▶ _TASK ITEM_:
Output nothing but the lines from the beginning of the listing below through the line containing "Brand new with", exactly as they stand, without pictures.
-- DATASET CONTENT follows --
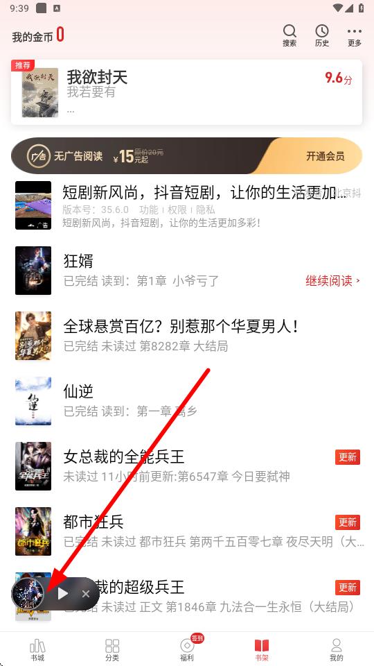 3、在书架页面找到想听读的书籍,若出现听书悬浮窗,点击悬浮窗也能快速进入听书,并按步骤2开启边听边读。
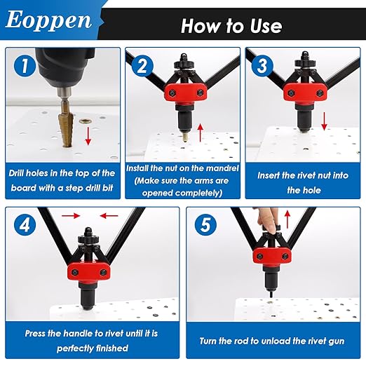 - Easy to use: The mandrel of rivet nut can be easily disassembled by hand, which is convenient for mandrel replacement and maintenance.The rivet nut tool comes with ergonomic handle that maximizes leverage and is easy to use
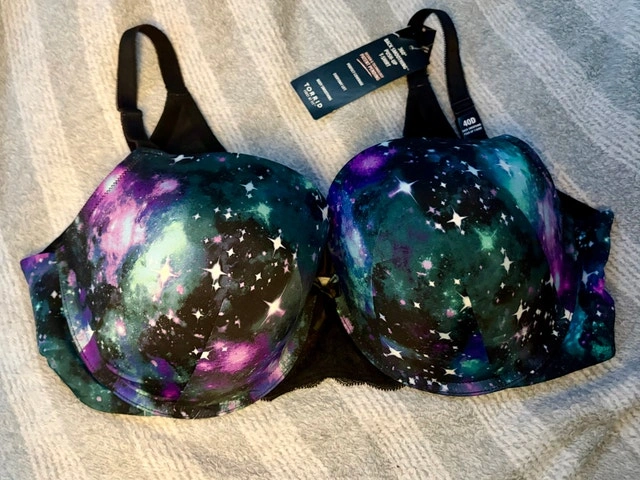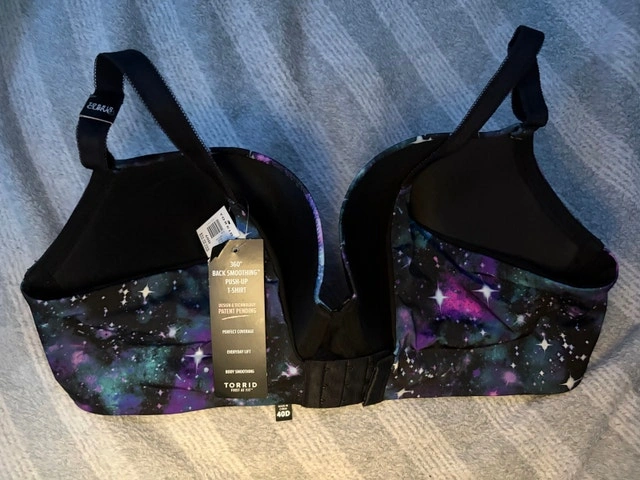 Brand new with tags Torrid 360 push-up t-shirt bra in a size 40D. Features a fun galaxy print. Originally purchased for $68.90. If the ad is up, it's still available!
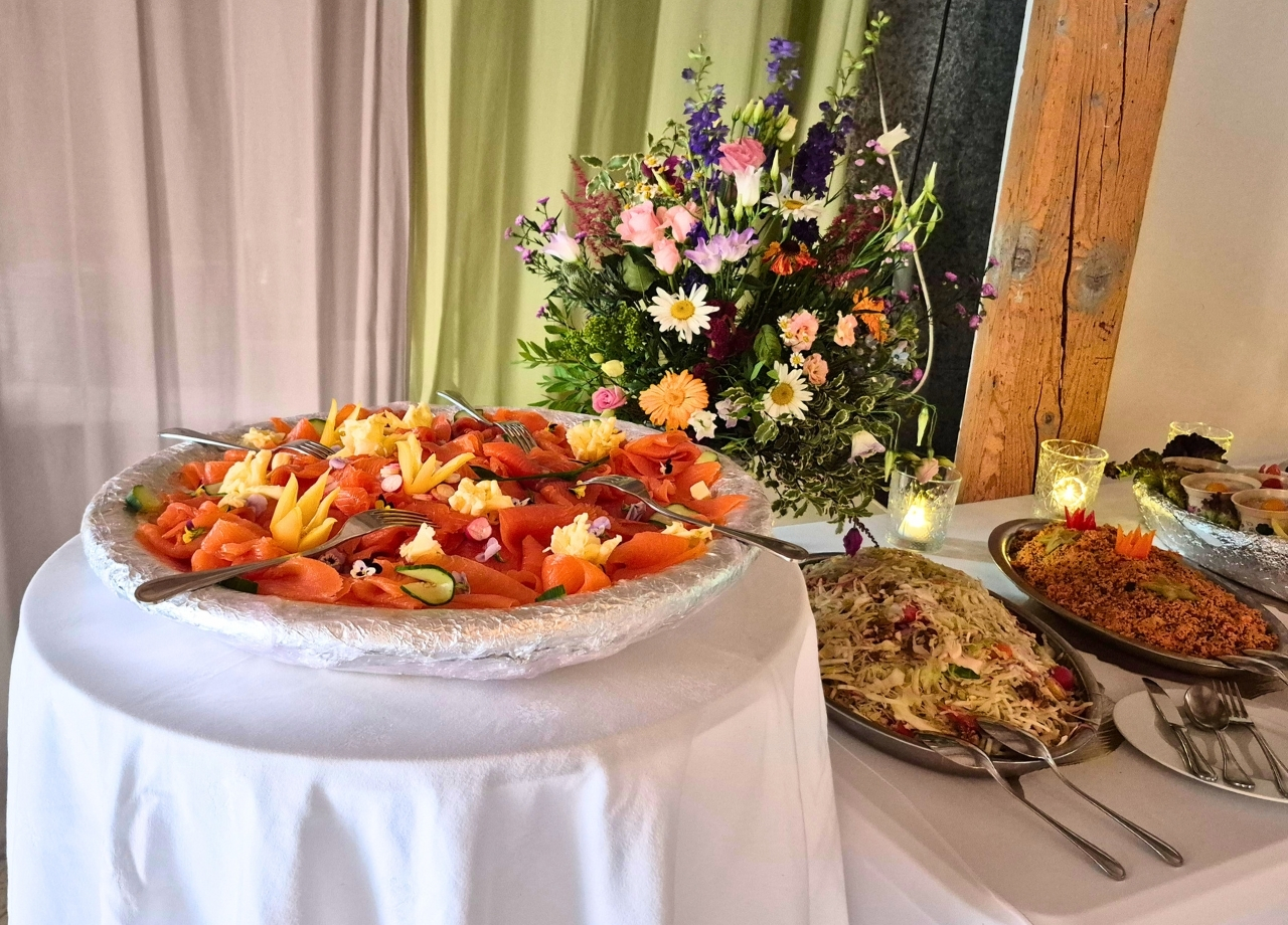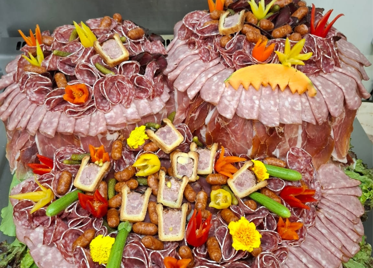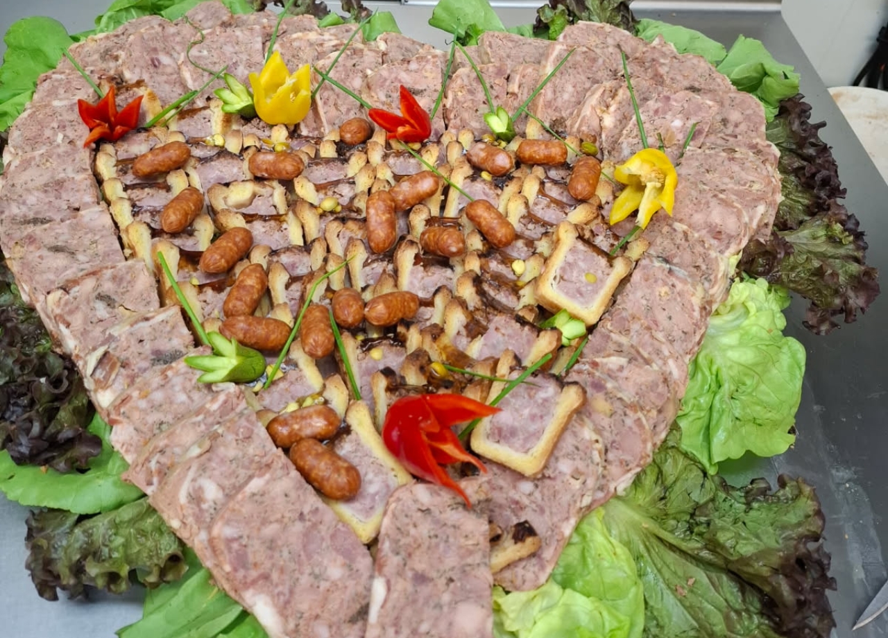 Darne de saumon farcie à la Parisienne, médaillon de sandre, croûte au morilles, terrine de saumon ou St Jacques, assortiment de charcuterie (6 sortes) Minimum 20 pers. pour présentation en cascade Terrine Jurassienne Rosbeef froid Rôti de porc froid Pilon de poulet… De quoi ravir tous les palais.
-- DATASET CONTENT concluded --
▶ _ANSWER SPACE_:
 3、在书架页面找到想听读的书籍,若出现听书悬浮窗,点击悬浮窗也能快速进入听书,并按步骤2开启边听边读。
 - Easy to use: The mandrel of rivet nut can be easily disassembled by hand, which is convenient for mandrel replacement and maintenance.The rivet nut tool comes with ergonomic handle that maximizes leverage and is easy to use
 Brand new with tags Torrid 360 push-up t-shirt bra in a size 40D. Features a fun galaxy print. Originally purchased for $68.90. If the ad is up, it's still available!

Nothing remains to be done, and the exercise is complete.